2.5 Central Sterile Supply Department (CSSD)
Instalasi pusat sterilisasi adalah unit pelayanan non structural yang
berfungsi memberikan pelayanan sterilisasi yang sesuai dengan standar/pedoman
dan memenuhi kebutuhan barang steril di rumah sakit (Depkes, 2009).

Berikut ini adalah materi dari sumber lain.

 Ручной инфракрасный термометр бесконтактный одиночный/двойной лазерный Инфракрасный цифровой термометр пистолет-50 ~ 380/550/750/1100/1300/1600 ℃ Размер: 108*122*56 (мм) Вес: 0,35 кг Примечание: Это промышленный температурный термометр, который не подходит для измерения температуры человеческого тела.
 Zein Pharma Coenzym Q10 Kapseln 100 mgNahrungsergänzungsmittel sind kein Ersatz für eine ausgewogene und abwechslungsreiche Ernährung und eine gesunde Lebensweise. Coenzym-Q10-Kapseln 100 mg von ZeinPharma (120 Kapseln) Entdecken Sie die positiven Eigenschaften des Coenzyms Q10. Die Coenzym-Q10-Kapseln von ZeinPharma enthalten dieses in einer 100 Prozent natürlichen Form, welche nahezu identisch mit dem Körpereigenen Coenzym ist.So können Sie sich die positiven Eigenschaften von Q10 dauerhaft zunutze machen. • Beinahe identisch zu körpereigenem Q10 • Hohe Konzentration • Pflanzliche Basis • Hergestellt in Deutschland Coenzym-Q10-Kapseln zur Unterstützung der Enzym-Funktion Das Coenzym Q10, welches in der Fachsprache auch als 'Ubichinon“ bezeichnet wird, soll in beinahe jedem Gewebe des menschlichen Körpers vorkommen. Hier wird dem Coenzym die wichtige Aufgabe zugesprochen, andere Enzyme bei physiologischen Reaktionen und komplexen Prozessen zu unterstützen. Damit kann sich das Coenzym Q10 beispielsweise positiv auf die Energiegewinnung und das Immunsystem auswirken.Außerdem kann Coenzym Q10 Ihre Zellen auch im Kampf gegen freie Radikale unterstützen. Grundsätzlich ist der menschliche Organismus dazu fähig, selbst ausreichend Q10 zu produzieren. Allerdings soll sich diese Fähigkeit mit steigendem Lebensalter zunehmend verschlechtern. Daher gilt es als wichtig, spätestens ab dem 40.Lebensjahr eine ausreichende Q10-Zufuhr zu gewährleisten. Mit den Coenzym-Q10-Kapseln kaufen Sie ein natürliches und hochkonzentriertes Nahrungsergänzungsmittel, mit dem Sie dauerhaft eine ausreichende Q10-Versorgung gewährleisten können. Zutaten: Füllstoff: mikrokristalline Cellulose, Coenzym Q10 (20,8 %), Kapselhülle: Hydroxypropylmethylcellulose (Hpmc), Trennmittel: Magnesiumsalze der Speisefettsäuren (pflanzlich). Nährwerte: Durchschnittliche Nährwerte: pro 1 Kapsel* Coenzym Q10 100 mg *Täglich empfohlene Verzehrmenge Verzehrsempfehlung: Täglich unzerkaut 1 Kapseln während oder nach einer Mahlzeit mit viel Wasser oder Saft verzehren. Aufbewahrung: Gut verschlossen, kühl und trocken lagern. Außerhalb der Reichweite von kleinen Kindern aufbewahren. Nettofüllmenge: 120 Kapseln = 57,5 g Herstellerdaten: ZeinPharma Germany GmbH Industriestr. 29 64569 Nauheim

Tujuan Pusat Sterilisasi adalah
a. Membantu unit lain dirumah sakit yang membutuhkan kondisi steril, untuk
mencegah terjadinya infeksi
b. Menurunkan angka kejadian infeksi
c. Menyediakan dan menjamin kualitas hasil sterilisasi terhadap produk yang
dihasilkan.
Ruangan pusat sterilisasi dibagi atas 5 ruangan yaitu
1. Ruangan dekontaminasi
Pada ruangan ini terjadi proses penerimaan barang kotor, dekontaminasi
dan pembersihan. Ruangan dekontaminasi harus direncanakan, dipelihara dan
dikontrol untuk mendukung efisiensi proses dekontaminasi dan untuk melindungi
pekerja dari benda-benda yang dapat menyebabkan infeksi,racun dan hal-hal
berbahaya lainnya.
Sistem ventilasi harus didisain sedemikian rupa sehingga udara diruang
dekontaminasi harus dihisap keluar atau ke sistem sirkulasi udara melalui filter,
tekanan udara harus negatif tidak mengkontaminasi udara ruangan lainnya dan
ruangan dekontaminasi tidak dianjurkan menggunakan kipas angin.
Suhu dan kelembaban yang direkomendasikan adalah suhu udara antara
180 C sampai 220C dan kelembaban udara antara 350% sampai 75%. Lokasi
ruangan dekontaminasi harus terletak diluar lalu lintas utama rumah sakit,

dirancang sebagai area tertutup, secara fungsional terpisah dari area di sebelahnya
dan dengan izin masuk terbatas, dirancang secara fungsional terpisah dari area
lainnya sehingga benda-benda kotor langsung datang/masuk ke ruangan
dekontaminasi, benda-benda kotor tersebut kemudian dibersihkan dan/atau
didesinfeksi sebelum dipindahkan ke area yang bersih atau ke area proses
sterilisasi dan disediakan peralatan yang memadai dari segi disain, ukuran dan
tipenya.
2. Ruangan Pengemasan Alat
Di ruangan ini dilakukan proses pengemasan alat untuk alat bongkar
pasang maupun pengemasan dan penyimpanan barang bersih. Pada ruangan ini
dianjurkan ada tempat penyimpanan barang tertutup.
3. Ruangan Produksi dan Prosesing
Di ruangan ini dilakukan pemeriksaan linen, dilipat dan dikemas untuk
persiapan sterilisasi. Pada daerah ini sebaiknya ada tempat untuk penyimpanan
barang tertutup. Selain linen, pada ruangan ini juga dilakukan pula persiapan
untuk bahan seperti kain kasa, kapas, cotton swabs, dan lain-lain
4. Ruangan Sterilisasi
Diruangan ini dilakukan proses sterilisasi alat/bahan. Untuk sterilisasi
Etilen Oksida, sebaiknya dibuat ruangan khusus yang terpisah tetapi masih dalam
satu unit pusat sterilisasi.
5. Ruangan Penyimpanan Barang Steril
Ruangan ini sebaiknya berada dekat dengan ruangan sterilisasi. Apabila
digunakan mesin sterilisasi dua pintu, maka pintu belakang langsung berhubungan
dengan ruangan penyimpanan. Di ruagan ini penerangan harus memadai, suhu

antara 180C-220C dan kelembaban 350%-75%. Ventilasi menggunakan system
tekanan positif dengan efisiensi filtrasi particular antara 90-95% (untuk
partikukar berukuran 0,5 mikro). Dinding dan lantai ruangan terbuat dari bahan
yang halus dan kuat. Alat steril disimpan pada jarak 19-24 cm dari lantai dan
minimum 43 cm dari langit-langit serta 5 cm dari dinding. Akses ke ruang
penyimpanan steril dilakukan oleh petugas pusat sterilisasi yang terlatih.